#### What is being asked
In the records below, begin at the line that has "The game is" and stop after the line that has "这份对非遗水书的热忱,早在2"; quote those lines verbatim and nothing more.

(Collection entries)
*** Block opens ***

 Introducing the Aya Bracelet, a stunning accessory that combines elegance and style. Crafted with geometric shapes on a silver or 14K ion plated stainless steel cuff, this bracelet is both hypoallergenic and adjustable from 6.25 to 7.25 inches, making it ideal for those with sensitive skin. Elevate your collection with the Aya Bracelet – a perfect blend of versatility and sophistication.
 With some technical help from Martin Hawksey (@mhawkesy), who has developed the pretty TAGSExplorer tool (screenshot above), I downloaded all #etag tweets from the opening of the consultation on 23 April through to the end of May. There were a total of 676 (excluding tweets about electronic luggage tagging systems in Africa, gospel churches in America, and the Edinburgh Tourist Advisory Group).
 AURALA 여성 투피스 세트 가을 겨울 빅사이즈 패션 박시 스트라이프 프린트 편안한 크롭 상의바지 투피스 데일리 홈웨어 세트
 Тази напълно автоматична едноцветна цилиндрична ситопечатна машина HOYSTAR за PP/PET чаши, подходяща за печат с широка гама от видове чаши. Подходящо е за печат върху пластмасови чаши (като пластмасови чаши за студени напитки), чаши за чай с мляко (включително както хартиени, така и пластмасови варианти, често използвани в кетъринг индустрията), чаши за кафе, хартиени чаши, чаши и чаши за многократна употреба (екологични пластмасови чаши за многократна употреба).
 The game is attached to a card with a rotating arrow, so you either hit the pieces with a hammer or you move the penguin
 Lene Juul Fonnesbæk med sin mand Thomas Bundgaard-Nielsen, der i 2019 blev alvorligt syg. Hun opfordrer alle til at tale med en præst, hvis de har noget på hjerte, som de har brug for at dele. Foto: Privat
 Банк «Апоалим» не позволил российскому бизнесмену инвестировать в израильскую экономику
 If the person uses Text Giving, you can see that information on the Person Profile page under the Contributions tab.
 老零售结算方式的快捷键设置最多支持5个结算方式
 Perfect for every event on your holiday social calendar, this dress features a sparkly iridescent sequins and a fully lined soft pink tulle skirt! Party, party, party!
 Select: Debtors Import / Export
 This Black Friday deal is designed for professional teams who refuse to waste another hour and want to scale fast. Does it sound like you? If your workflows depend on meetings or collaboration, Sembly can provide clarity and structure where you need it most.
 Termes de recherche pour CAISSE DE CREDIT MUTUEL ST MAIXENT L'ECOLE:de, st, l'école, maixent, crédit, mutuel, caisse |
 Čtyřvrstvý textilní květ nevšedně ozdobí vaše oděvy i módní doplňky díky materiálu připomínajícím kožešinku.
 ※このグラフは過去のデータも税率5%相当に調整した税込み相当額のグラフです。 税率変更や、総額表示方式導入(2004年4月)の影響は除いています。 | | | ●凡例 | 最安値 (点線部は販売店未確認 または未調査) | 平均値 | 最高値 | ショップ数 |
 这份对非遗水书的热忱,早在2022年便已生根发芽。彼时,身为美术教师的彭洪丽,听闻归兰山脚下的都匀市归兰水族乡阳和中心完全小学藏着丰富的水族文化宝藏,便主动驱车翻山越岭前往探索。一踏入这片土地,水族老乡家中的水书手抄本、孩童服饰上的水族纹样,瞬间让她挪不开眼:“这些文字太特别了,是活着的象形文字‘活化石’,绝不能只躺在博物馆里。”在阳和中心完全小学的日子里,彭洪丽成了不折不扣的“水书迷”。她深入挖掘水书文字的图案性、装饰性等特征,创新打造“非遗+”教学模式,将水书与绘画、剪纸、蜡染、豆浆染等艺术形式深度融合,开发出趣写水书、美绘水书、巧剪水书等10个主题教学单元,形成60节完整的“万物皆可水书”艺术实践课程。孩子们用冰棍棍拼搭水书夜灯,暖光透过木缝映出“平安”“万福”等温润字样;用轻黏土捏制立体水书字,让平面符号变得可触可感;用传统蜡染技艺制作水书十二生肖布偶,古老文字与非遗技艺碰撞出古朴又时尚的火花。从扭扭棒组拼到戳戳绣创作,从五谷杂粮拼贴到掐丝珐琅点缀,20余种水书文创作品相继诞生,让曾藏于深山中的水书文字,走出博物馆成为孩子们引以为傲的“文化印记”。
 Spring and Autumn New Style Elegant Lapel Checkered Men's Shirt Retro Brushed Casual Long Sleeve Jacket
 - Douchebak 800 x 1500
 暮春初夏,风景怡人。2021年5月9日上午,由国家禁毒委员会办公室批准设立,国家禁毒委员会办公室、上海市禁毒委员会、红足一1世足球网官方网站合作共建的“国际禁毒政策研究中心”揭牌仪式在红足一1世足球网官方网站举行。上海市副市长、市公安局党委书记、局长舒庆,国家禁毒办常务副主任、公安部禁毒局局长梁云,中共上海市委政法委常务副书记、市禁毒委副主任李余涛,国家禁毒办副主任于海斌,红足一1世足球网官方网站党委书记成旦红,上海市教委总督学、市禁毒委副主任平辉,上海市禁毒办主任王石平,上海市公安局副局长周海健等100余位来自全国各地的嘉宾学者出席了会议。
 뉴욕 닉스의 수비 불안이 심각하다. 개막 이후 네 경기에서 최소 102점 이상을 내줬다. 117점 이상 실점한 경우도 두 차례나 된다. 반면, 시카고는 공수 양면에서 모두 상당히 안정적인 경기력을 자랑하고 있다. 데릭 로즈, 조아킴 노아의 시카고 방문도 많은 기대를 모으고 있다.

*** Block closes ***

#### Result of this task
 The game is attached to a card with a rotating arrow, so you either hit the pieces with a hammer or you move the penguin
 Lene Juul Fonnesbæk med sin mand Thomas Bundgaard-Nielsen, der i 2019 blev alvorligt syg. Hun opfordrer alle til at tale med en præst, hvis de har noget på hjerte, som de har brug for at dele. Foto: Privat
 Банк «Апоалим» не позволил российскому бизнесмену инвестировать в израильскую экономику
 If the person uses Text Giving, you can see that information on the Person Profile page under the Contributions tab.
 老零售结算方式的快捷键设置最多支持5个结算方式
 Perfect for every event on your holiday social calendar, this dress features a sparkly iridescent sequins and a fully lined soft pink tulle skirt! Party, party, party!
 Select: Debtors Import / Export
 This Black Friday deal is designed for professional teams who refuse to waste another hour and want to scale fast. Does it sound like you? If your workflows depend on meetings or collaboration, Sembly can provide clarity and structure where you need it most.
 Termes de recherche pour CAISSE DE CREDIT MUTUEL ST MAIXENT L'ECOLE:de, st, l'école, maixent, crédit, mutuel, caisse |
 Čtyřvrstvý textilní květ nevšedně ozdobí vaše oděvy i módní doplňky díky materiálu připomínajícím kožešinku.
 ※このグラフは過去のデータも税率5%相当に調整した税込み相当額のグラフです。 税率変更や、総額表示方式導入(2004年4月)の影響は除いています。 | | | ●凡例 | 最安値 (点線部は販売店未確認 または未調査) | 平均値 | 最高値 | ショップ数 |
 这份对非遗水书的热忱,早在2022年便已生根发芽。彼时,身为美术教师的彭洪丽,听闻归兰山脚下的都匀市归兰水族乡阳和中心完全小学藏着丰富的水族文化宝藏,便主动驱车翻山越岭前往探索。一踏入这片土地,水族老乡家中的水书手抄本、孩童服饰上的水族纹样,瞬间让她挪不开眼:“这些文字太特别了,是活着的象形文字‘活化石’,绝不能只躺在博物馆里。”在阳和中心完全小学的日子里,彭洪丽成了不折不扣的“水书迷”。她深入挖掘水书文字的图案性、装饰性等特征,创新打造“非遗+”教学模式,将水书与绘画、剪纸、蜡染、豆浆染等艺术形式深度融合,开发出趣写水书、美绘水书、巧剪水书等10个主题教学单元,形成60节完整的“万物皆可水书”艺术实践课程。孩子们用冰棍棍拼搭水书夜灯,暖光透过木缝映出“平安”“万福”等温润字样;用轻黏土捏制立体水书字,让平面符号变得可触可感;用传统蜡染技艺制作水书十二生肖布偶,古老文字与非遗技艺碰撞出古朴又时尚的火花。从扭扭棒组拼到戳戳绣创作,从五谷杂粮拼贴到掐丝珐琅点缀,20余种水书文创作品相继诞生,让曾藏于深山中的水书文字,走出博物馆成为孩子们引以为傲的“文化印记”。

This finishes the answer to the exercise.